The severe, blank bulk of St Martin’s Garrison Church formed of three and a half million bricks, has an elemental ageless air, resembling something like the bastard child of the Ziggurat of Ur and a power station. The thick walls and minimal openings of its massive abstract form serve a practical purpose, keeping the lofty basilica-like interior coolly isolated from the often blazing heat outside.

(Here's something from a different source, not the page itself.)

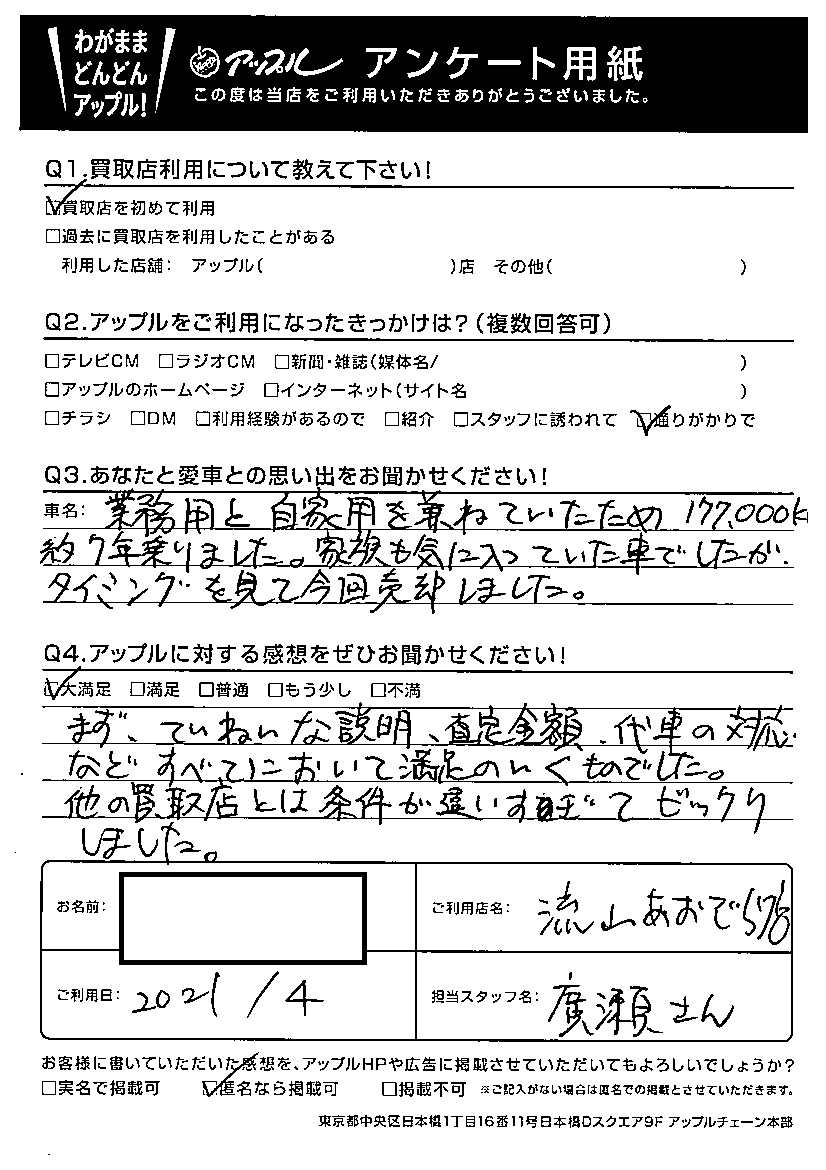 業務用と自家用を兼ねていたため177,000km約7年乗りました。

Built between 1929–31, St Martin’s was designed by Arthur Gordon Shoosmith (1888–1974) as the parish church for the military cantonment of New Delhi, the newly minted capital of British India. Shoosmith was assistant to one of its planners, Sir Edwin Lutyens, who had advised him: “get rid of all mimicky Mary-Anne notions of brick work and go for the Roman wall”. Shoosmith followed his advice – and then some – producing a building that in its stolid, fortlike presence seems at first sight to express the uncompromising solidity of British imperialist power.
However after the decorative excesses of earlier imperial pomp-fest buildings, which had superficially riffed off the intricate detailing of Hindu and Mughal monuments and temples, its sober severity exudes more an air of introverted defensiveness appropriate to a time when questions over British rule in India were growing louder, resulting in Indian independence less than two decades later in 1947. I (rgw)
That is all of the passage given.